Information Block Start

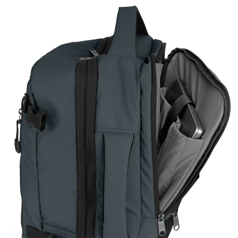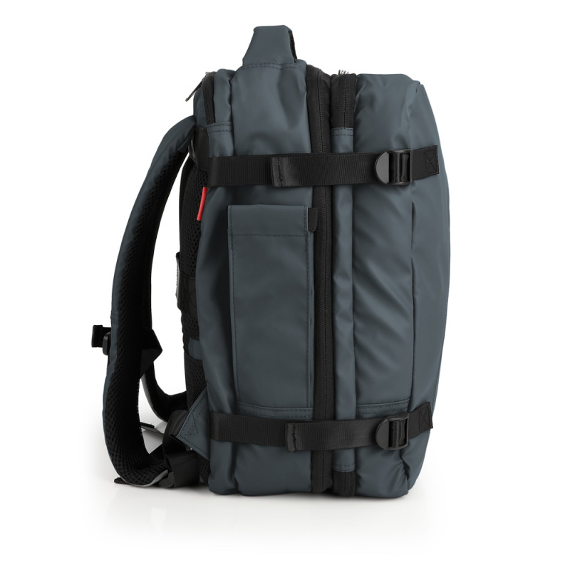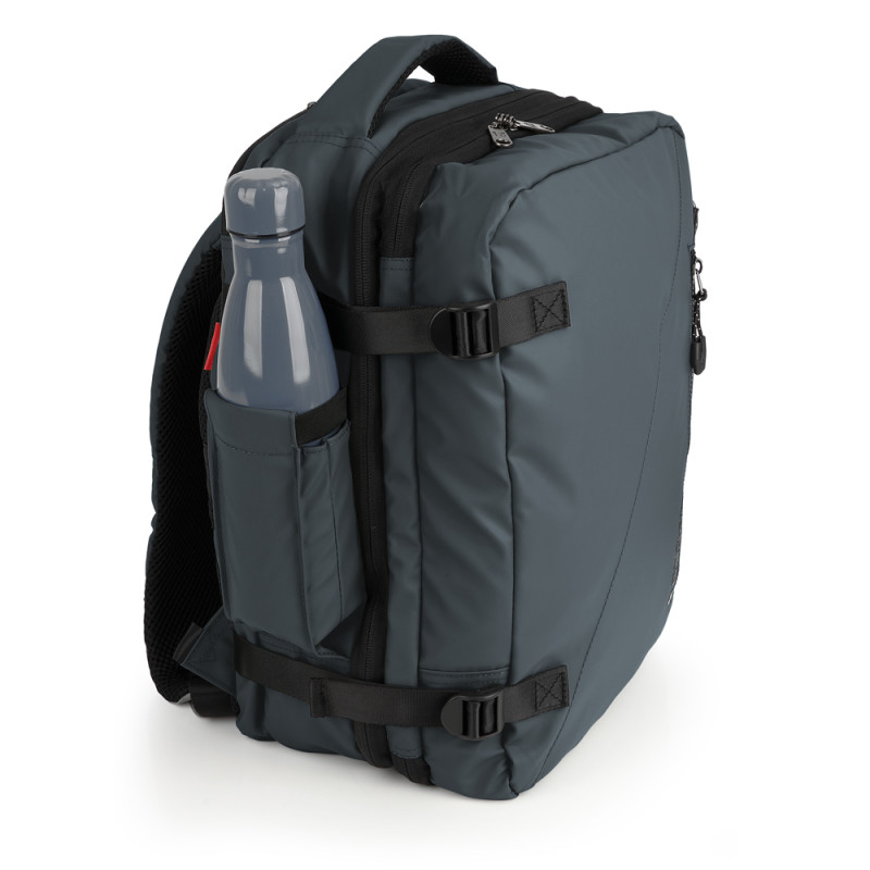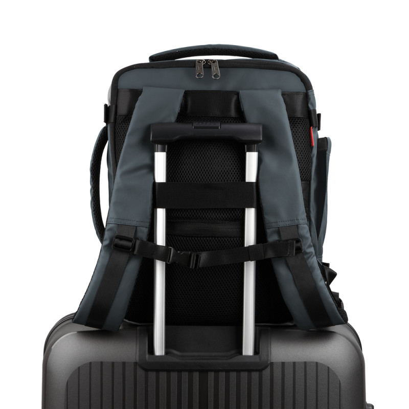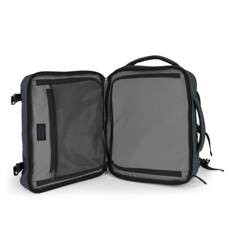 Mochila underseat de dos departamentos, con expandible y con capacidad de 24 L. Válida como equipaje de mano para situar debajo del asiento del avión*. Cuenta dos departaments, uno de ellos para portátil de 15,6''. Se puede usar como mochila o, esconder las hombreras, y usarla como bolso. Cuenta con un cinturón ajustable al pecho y una cinta para acople a maleta. Fabricada en poliéster resinado y piel sintética. Compuesta por un forro de alta calidad y un organizador interno. Medidas: 30 x 40 x 20/24 cm - Peso:1 kg - Capacidad: 24/28,8 L. * Confirme las medidas con su compañía aérea previamente.
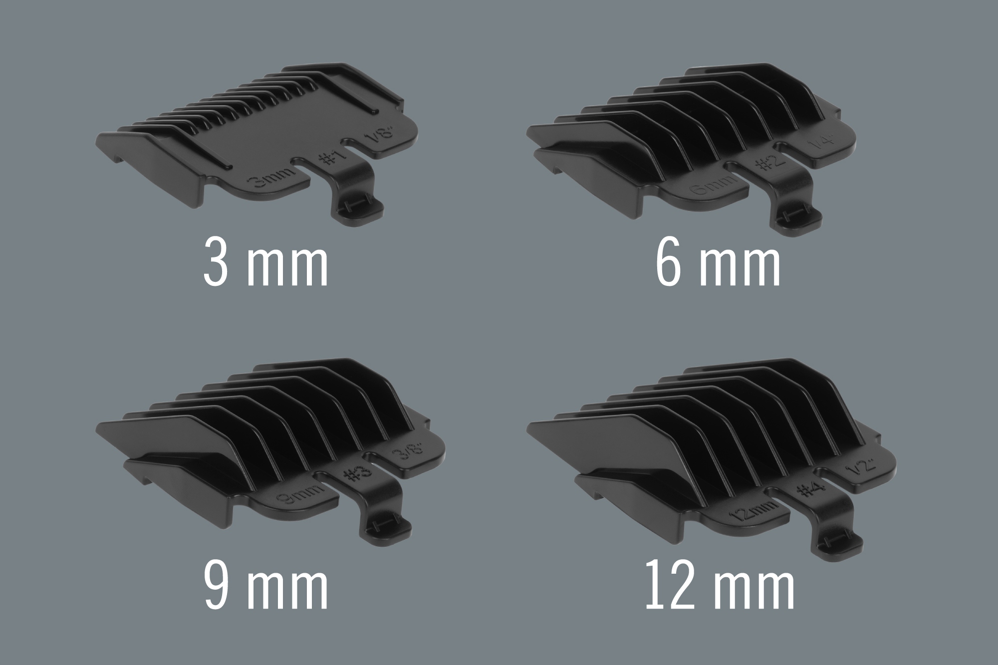 Что, несомненно, облегчит домашнюю стрижку, так это входящие в комплект четыре гребня — 3 мм, 6 мм, 9 мм и 12 мм, — благодаря которым вы легко сможете подобрать подходящую длину стрижки.
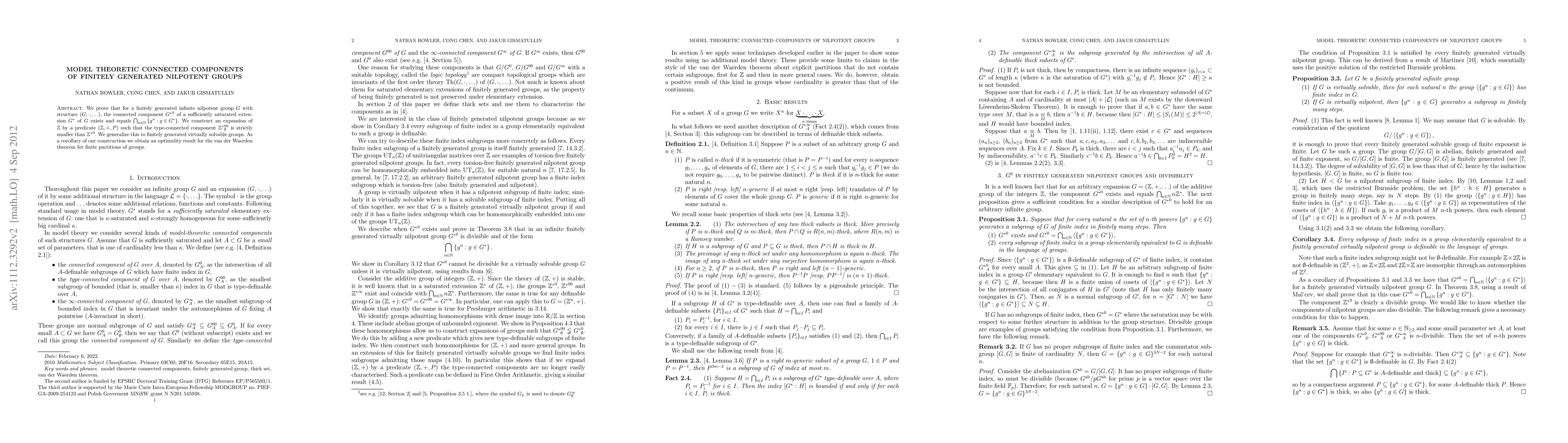 Researchers prove that connected components of finitely generated infinite nilpotent groups exist and can be described using a first-order formula, with implications for the van der Waerden theorem.
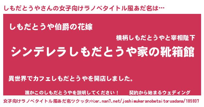 | 意味不明あだ名 | 『しもだとうやフォーエバー』 |
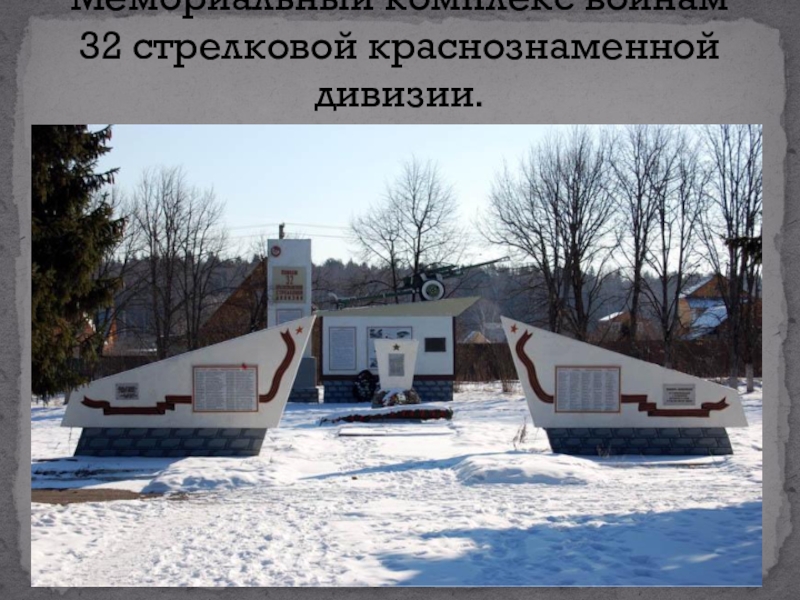 Слайд 12Мемориальный комплекс воинам 32 стрелковой краснознаменной дивизии.
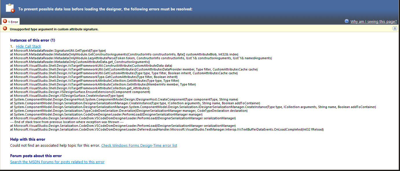 I am migrating reports from .Net Framework 4.5.2 to .Net Core 3.1. I've been having issues with the report designer within Visual Studio as it seems not to work. I've been trying for a while, with different libraries/dlls but no success. The reports do work on Core, the only problem seems to be the VS Designer. We really don't wanna switch to some other designer to edit out existing reports so if possible we'd like to use it the same way that we've been using it till now. The image with the error is attached. How would we go about fixing this? Is it even possible? Thank you for answer in advance!
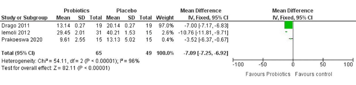 Supplementation with probiotics reduced the score by an average of 8 points. This amounts to a decrease of 8 percent.
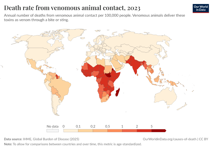 IHME, Global Burden of Disease (2025) – with major processing by Our World in Data. “Death rate from venomous animal contact” [dataset]. IHME, Global Burden of Disease, “Global Burden of Disease - Deaths” [original data]. Retrieved March 11, 2026 from https://gdocs-bespoke-component.owid.pages.dev/grapher/death-rate-from-venomous-animal
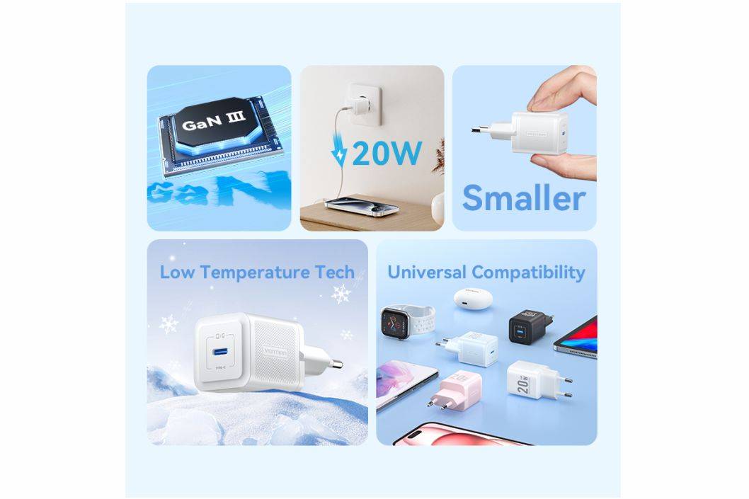 Vention Adaptor Kepala Charger USB-C Type C 20W PD GaN Fast Charging FEP
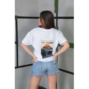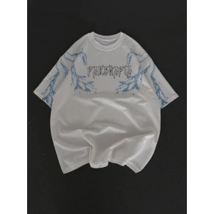 Unisex Bisiklet Yaka Baskılı Oversize T-Shirt- Beyaz
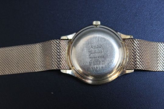 A HALLMARKED 14 CARAT GOLD RADO JUBILAR WRIST WATCH, with date window at 3 o'clock, approx weight 63.3g, Dia 4 cm
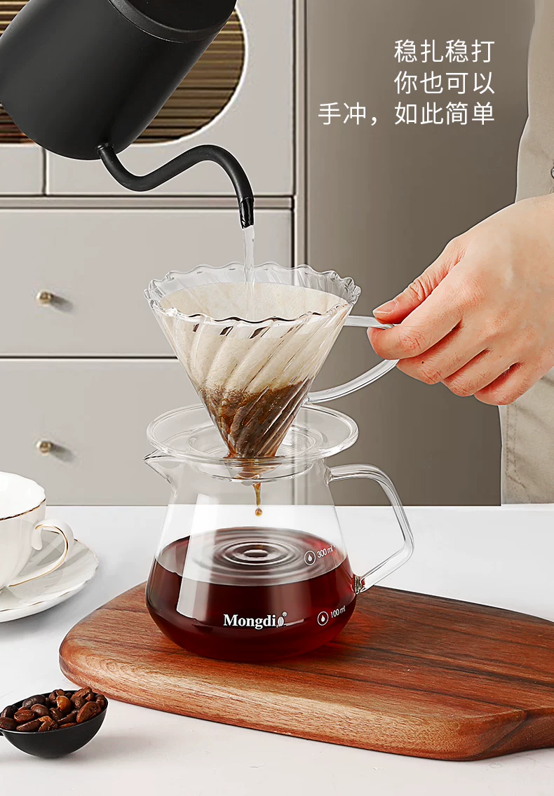 - Bộ pha cà phê Pour-over Mongdio, ấm pha cà phê, cốc lọc, ấm chia cà phê, ấm nhỏ giọt, dụng cụ pha cà phê gia đình
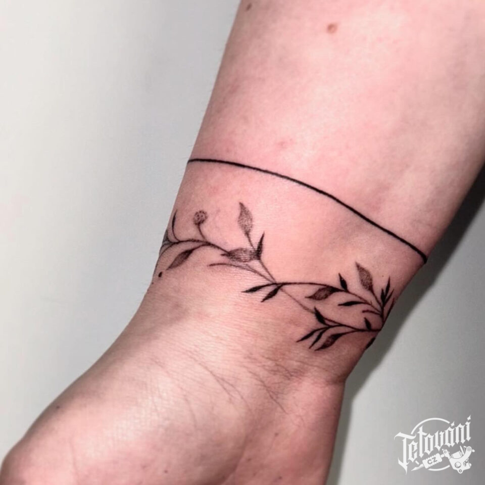 Tetování květiny, čára kolem ruky na zápěstí

Information Block End

Directions
Give back exactly the lines from the one containing "Vention Adaptor Kepala" to the final line of the entries, both included, and no picture.

Expected answer
 Vention Adaptor Kepala Charger USB-C Type C 20W PD GaN Fast Charging FEP
 Unisex Bisiklet Yaka Baskılı Oversize T-Shirt- Beyaz
 A HALLMARKED 14 CARAT GOLD RADO JUBILAR WRIST WATCH, with date window at 3 o'clock, approx weight 63.3g, Dia 4 cm
 - Bộ pha cà phê Pour-over Mongdio, ấm pha cà phê, cốc lọc, ấm chia cà phê, ấm nhỏ giọt, dụng cụ pha cà phê gia đình
 Tetování květiny, čára kolem ruky na zápěstí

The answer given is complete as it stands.